While these buyers might be less swayed by popular ESG pressure than the majors, it would be too simplistic to conclude they are immune from such considerations or will necessarily be less effective decarbonising stewards of the assets. Regulators will still require these new owners to have decarbonisation plans, and for these assets to be put in ‘the right hands’—meaning those who can devote proper attention to their operation and have the potential to deliver both operational efficiencies and decarbonisation. Demonstrating lower GHG intensity is even more relevant for private buyers that require debt finance for a transaction, as those lending banks that remain active in funding oil and gas projects prefer to allocate their scarce capital and time to lower-carbon projects.
The substantial pressures of the energy crisis on large European industrial gas consumers have also led to signs that such non-traditional E&P players may seek to acquire upstream gas assets to provide a degree of vertical integration and gain protection from unprecedented European gas prices and gas price volatility. It is even possible we could see a reversal of the long-term trend of European utilities divesting their upstream gas assets, as the importance of security of supply and the financial need to hedge downstream supply obligations becomes a strategic priority.
The opportunity to repurpose oil and gas assets for the energy transition is also driving new business models and changing the mindset towards decommissioning in some instances. The ability to redeploy depleted gas reservoirs for CO₂ sequestration, hydrogen storage or increased natural gas storage can turn late-life gas fields from being near-term decommissioning liabilities into useful storage assets.
The recent reopening of the Rough gas storage site by the UK’s Centrica is a great example. Centrica had considered sale and full decommissioning of the field, and had been pursuing CO₂ or hydrogen storage solutions, but the strategic imperative of enhancing UK security of energy supply has instead created a viable future for it as a gas storage business. Elsewhere, especially in Central Europe, increased focus on the repurposing of onshore oil wells for geothermal energy production can provide a source of renewable heat and/or electricity generation for oilfield operations, or in some cases for local communities.

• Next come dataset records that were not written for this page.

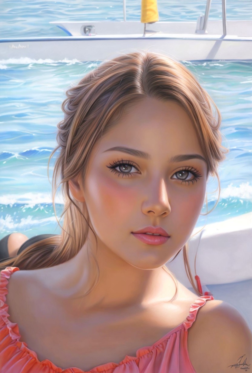 A digital artwork of a young woman with flowing hair and a floral dress, set against a background featuring a boat and a clear blue sea.
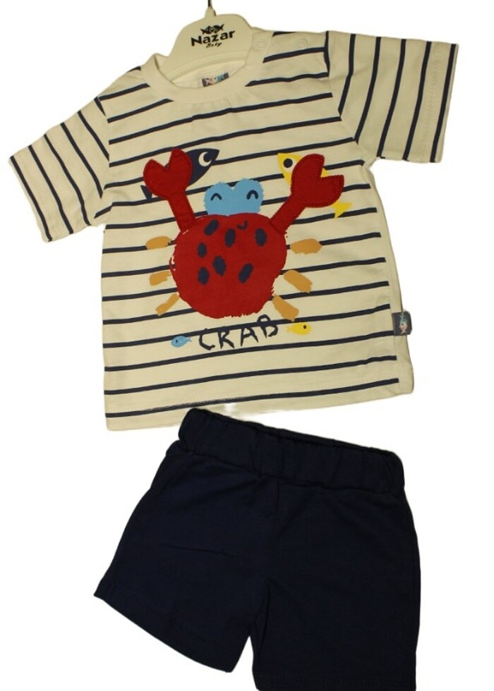 Yengeç baskılı ikili erkek bebek şortlu takım
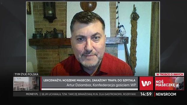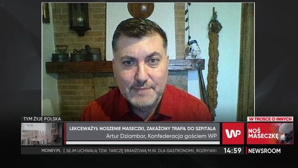 Koronawirus nie ustępuje. Zakażeniu uległo już wielu polityków, w tym m.in. poseł Konfederacji Artur Dziambor. Stan polityka w pewnym momencie na tyle się pogorszył, że konieczna była hospitalizacji. - Przeżyłem to naprawdę ciężko. Nikomu nie życzę - mówi w programie WP Newsroom Dziambor, który przed tym, jak potwierdzono u niego koronawirusa, niejednokrotnie występował w mediach jako przeciwnik noszenia maseczek. W rozmowie z nami podkreśla, że "nadal nie widzi sensu noszenia maseczek np. na ulicy". - Maseczkę się zakłada, gdzie się chodzi wśród ludzi - argumentuje, dodając, że "jest coś takiego, jak stężenie wirusa" i zaznacza, że "rzeczywiście noszenie maseczek może pomóc osobie, która jest bardziej narażona". Czy Konfederacja neguje istnienie COVID-19? - My negujemy to, w jaki sposób rząd obsługuje tego wirusa. Jesteśmy przeciwnikami gospodarczego lockdownu - stwierdził parlamentarzysta.
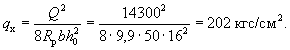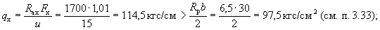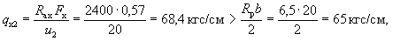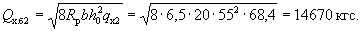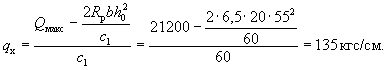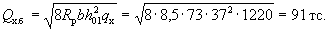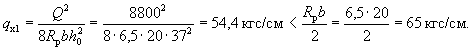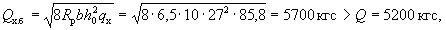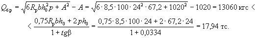 p = 7,06 - (7,06 - 0,71)0,464/(2·4,25) = 6,72 тс/м = 67,2 кгс/см. Определим значение Qб.р: A = 1,5Rрbh0tgβ = 1,5·8,5·100·24·0,0334 = 1020 кгс;
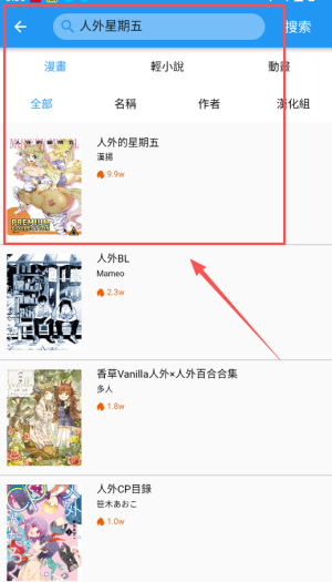 1、打开拷贝漫画App,首先在首页界面中找到搜索框,输入想要查找的漫画或小说名称,能够快速定位所需内容。
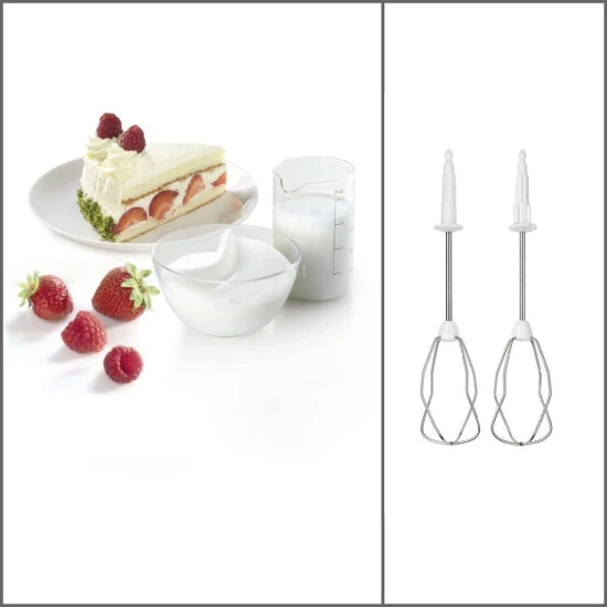 - Ausgestattet mit zwei hocheffizienten Turbo-Rührbesen und zwei Edelstahl-Knethaken für optimales Schlag-und Rührergebnis
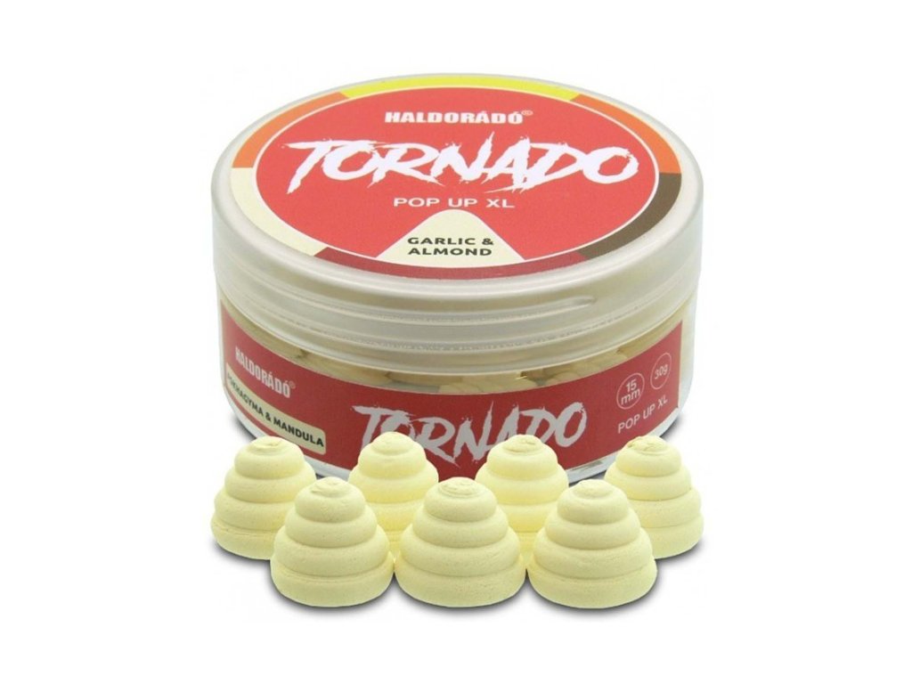 Haldorádo Tornado Pop Up XL Cesnak Mandla 15mm 30g - je pozoruhodne tvarovaná, mimoriadne atraktívna, varená, plávajúca nástraha, ktorá si dokáže zachovať vo vode tvar aj nadnášacie vlastnosti po celé dni, zatiaľ čo zo seba neprestajne chrlí vábivú príchuť a arómu. Príchuť a arómu však uvoľňuje pomaly a rovnomerne, v žiadnom prípade vo vode „nedymí“.Dalo by sa povedať, že spomedzi všetkých nástrah sme sa tejto venovali asi najdôkladnejšie. Preskúšali sme ju na veľkom počte testovacích plôch, či už šlo o malé jazierka, veľké nádrže, alebo obrovské prirodzené plochy. Všade sa ukazovala byť neuverteľne chytľavá!
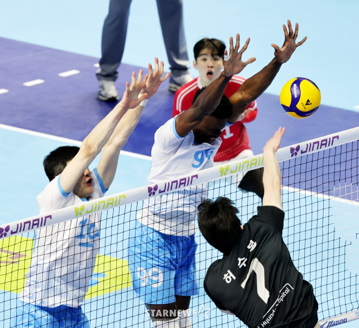 *此内容由AI翻译生成。3日,在桂阳体育馆举行的真航空2025-2026 V联赛冠军争夺战大韩航空队和现代资本队的比赛中,现代许秀峰避开Masso拦网,正在成功进攻。 2026.04.03.© STARNEWS. 未经许可禁止转载或再分发*此内容由AI翻译生成。
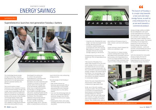 E. ON, one of the UK’ s leading energy providers. The partnership is focused on accelerating the development and deployment of Superdielectrics’ battery solution, with the next step being the creation of larger prototypes that can be trialled in customers’ homes. This collaboration aims to

Finally, a continuing trend we are seeing in deal-making is that upstream M&A deals are taking longer to close than has typically been the case. The causes for this are varied and case-specific. It is possible that, as public scrutiny—including challenges from NGOs—on regulatory decision-making increases, the pace of approval processes is slowing down, as regulators wish to take more time with their decisions. The fact that buyers are increasingly private companies, often with lower credit quality, has also in some cases extended the process and time required for joint-venture partner consents.
Overall, the M&A market for upstream gas developments in Europe and oil and gas developments in Africa remains strong, supported by high prices for both commodities. Although the energy transition is clearly affecting upstream oil and gas M&A in some of the ways mentioned above, the secondary market for upstream assets remains active. In our view, this indicates that the energy transition continues to include oil—and especially natural gas—as essential parts of the energy mix. However, the energy transition also means the identities and strategies of the owners of these assets continue to evolve.
Paul Dufays is the director at the energy advisory company, Kirk Lovegrove & Company.